In the future, you'll be able to create new Docs and edit them directly—all using just your voice. Docs Live is launching this summer for Pro and Ultra subscribers, with the same powerful voice capabilities coming to Gmail and Google Keep. Seeing the pace of innovation across our products is truly remarkable.

2. AI Infrastructure Upgrades: 8th-Gen Custom Chips TPU 8t and 8i

SUNDAR PICHAI: To provide massive support to our vast user base while serving businesses and developers globally, we need to make significant investments in infrastructure—and we’ve consistently invested for both now and the future. Our annual capital expenditures in 2022 were $31 billion. This year, we expect that number to grow roughly sixfold, reaching approximately $180–190 billion. A key part of this investment is our custom chips.

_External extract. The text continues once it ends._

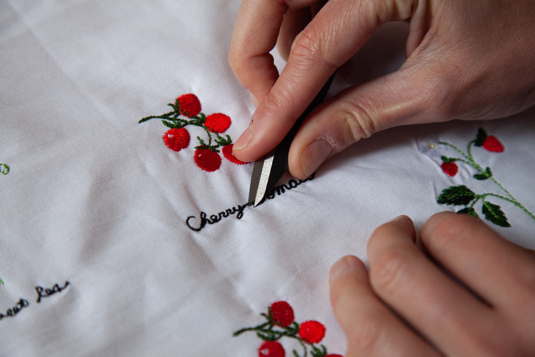 Next, our illustrations are digitally converted stitch-by-stitch into embroidery designs with specialised software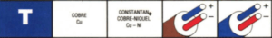 El Termopar tipo T tiene un rango de temperatura de -200 a 400 °C (-320 a 750°F), se recomienda utilizar en un rango entre -185 a 298 °C (-300 °F a 600 °F) y con una sensbilidad entre 43 a 49 µV/°C aproximadamente y una precisión de ±0.5 °C. Código de color: Azul

A decade ago, we unveiled our first TPU on this I/O stage. Since then, we’ve transformed how the industry builds AI. Most recently, at Cloud Next, we introduced our 8th-gen TPU—the first time we’ve adopted a dual-chip strategy, designing specialized architectures for training and inference: TPU 8t and 8i. While they may look similar, they’re fundamentally different.

The 8t is optimized for large-scale pre-training, delivering nearly triple the raw compute of our previous generation. We’ve taken a fundamentally different approach to training infrastructure. With JAX and Pathways, training is no longer confined to a single massive data center. Instead, it can now seamlessly distribute across multiple sites, scaling to run on over 1 million TPUs globally. This enables us to create the world’s largest training clusters. For model builders, this means training larger, more capable models in weeks rather than months. The TPU 8i is designed for inference. We’ve dramatically increased speed at every step because, after 27 years in search, we know latency matters.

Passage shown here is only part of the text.